> **Description of the task**: A word-for-word copy of the data, with no images, is the required answer.

> **Dataset extract**:
▽
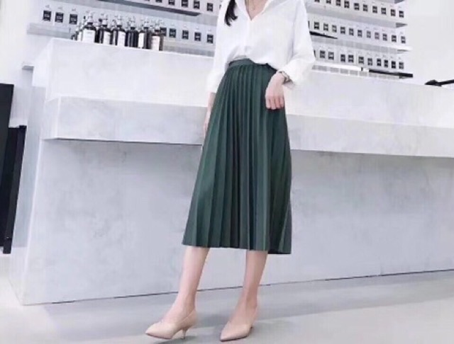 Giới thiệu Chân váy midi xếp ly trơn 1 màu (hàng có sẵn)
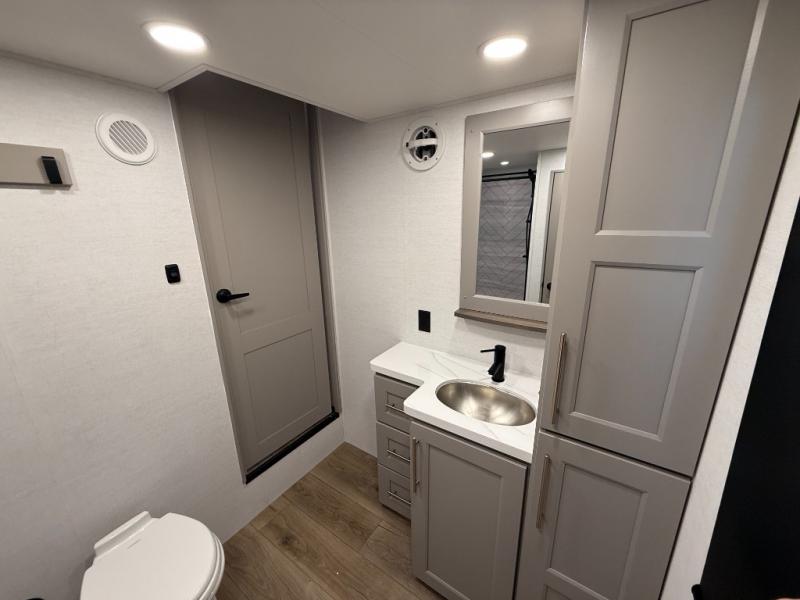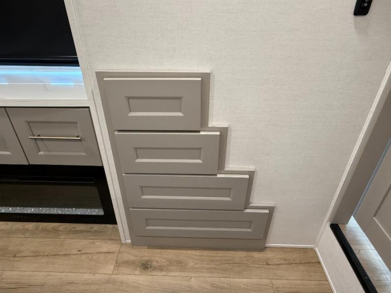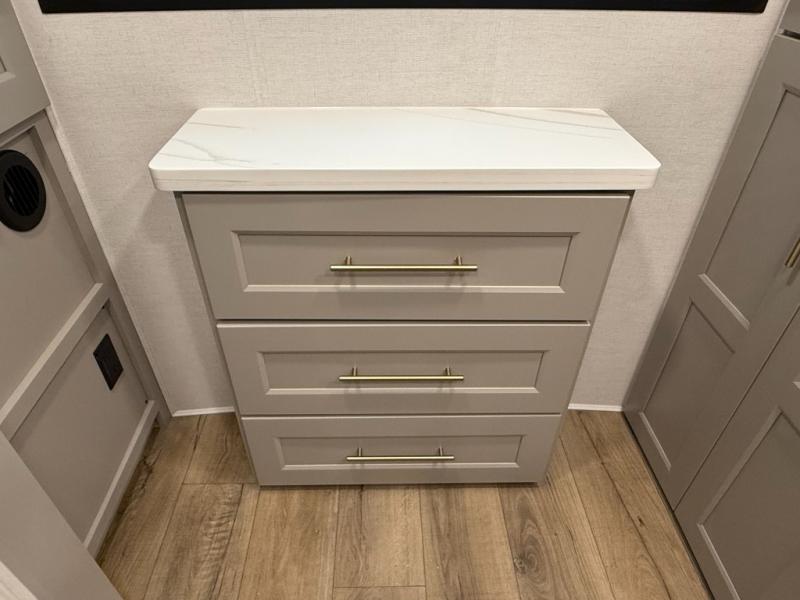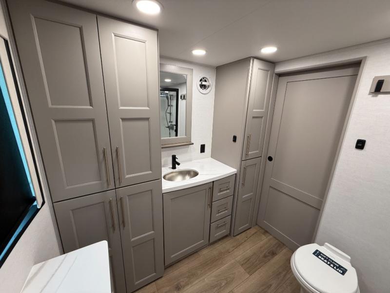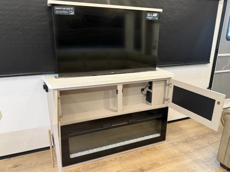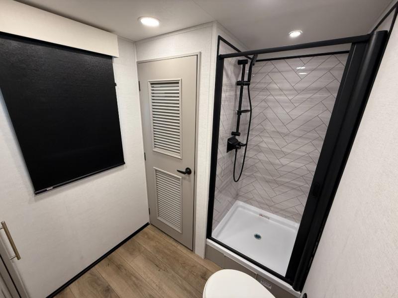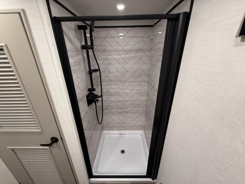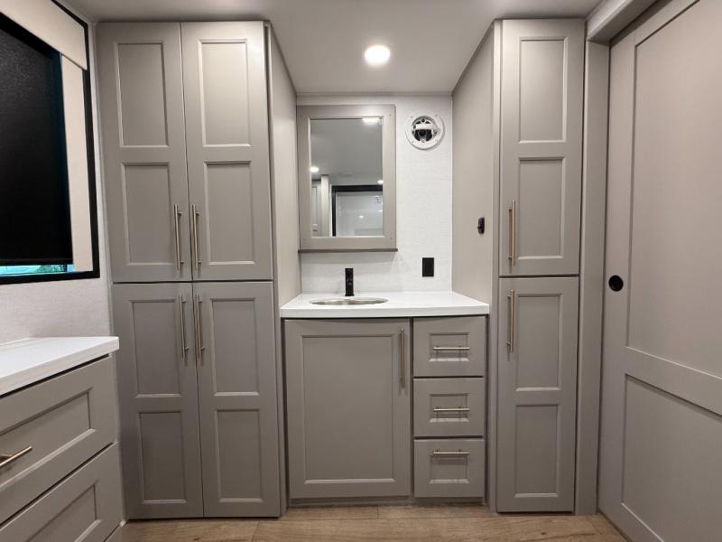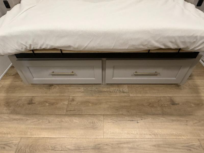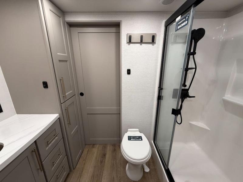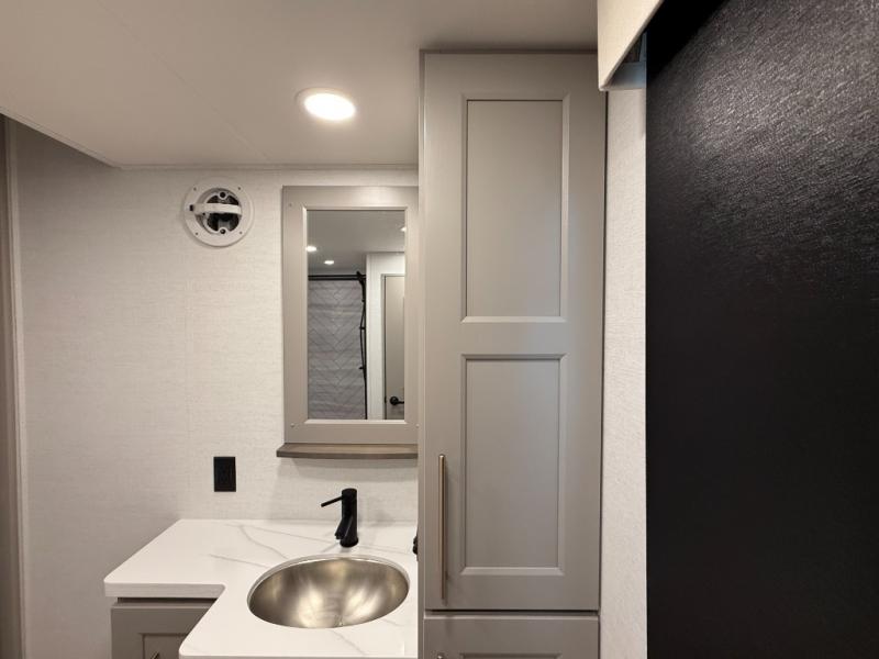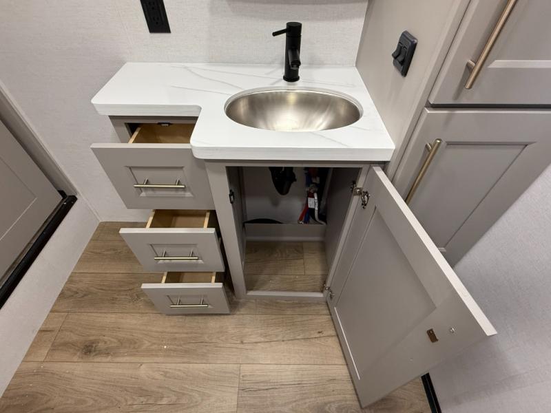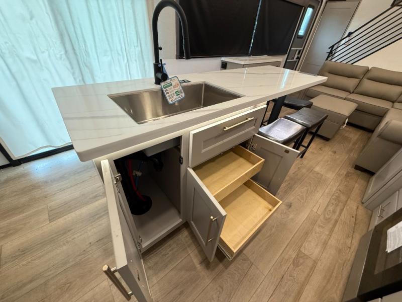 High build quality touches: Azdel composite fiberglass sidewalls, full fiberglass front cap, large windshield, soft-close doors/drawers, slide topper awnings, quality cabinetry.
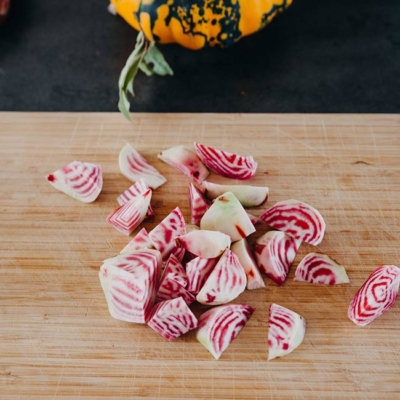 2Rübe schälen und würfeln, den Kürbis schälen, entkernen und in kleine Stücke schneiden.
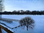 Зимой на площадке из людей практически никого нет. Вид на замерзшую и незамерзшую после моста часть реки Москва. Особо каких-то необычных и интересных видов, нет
△
> **Result of the exercise**:
 Giới thiệu Chân váy midi xếp ly trơn 1 màu (hàng có sẵn)
 High build quality touches: Azdel composite fiberglass sidewalls, full fiberglass front cap, large windshield, soft-close doors/drawers, slide topper awnings, quality cabinetry.
 2Rübe schälen und würfeln, den Kürbis schälen, entkernen und in kleine Stücke schneiden.
 Зимой на площадке из людей практически никого нет. Вид на замерзшую и незамерзшую после моста часть реки Москва. Особо каких-то необычных и интересных видов, нет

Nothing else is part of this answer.